Problem details —
Pictures in the data must not be copied, but everything else should be output exactly.

Supplied information —
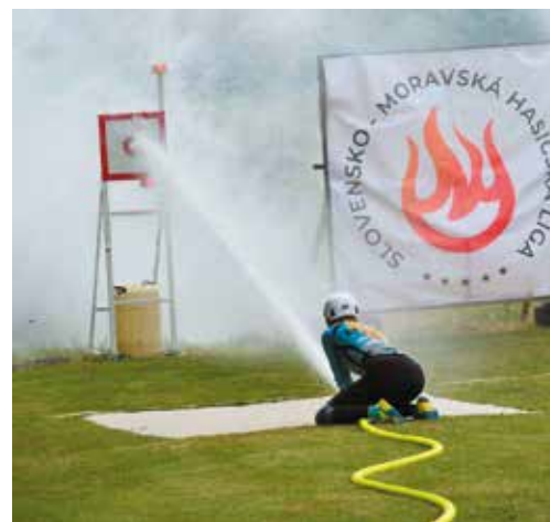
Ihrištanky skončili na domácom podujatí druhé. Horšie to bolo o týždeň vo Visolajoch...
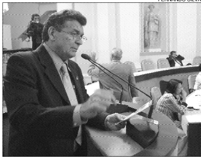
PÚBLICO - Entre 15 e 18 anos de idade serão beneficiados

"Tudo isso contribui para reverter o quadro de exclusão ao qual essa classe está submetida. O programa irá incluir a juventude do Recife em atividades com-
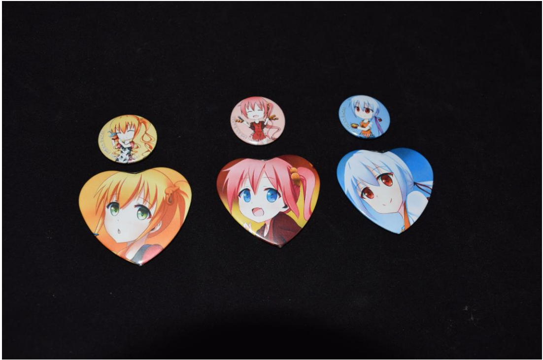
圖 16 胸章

Result of this exercise —
Ihrištanky skončili na domácom podujatí druhé. Horšie to bolo o týždeň vo Visolajoch...
PÚBLICO - Entre 15 e 18 anos de idade serão beneficiados

"Tudo isso contribui para reverter o quadro de exclusão ao qual essa classe está submetida. O programa irá incluir a juventude do Recife em atividades com-
圖 16 胸章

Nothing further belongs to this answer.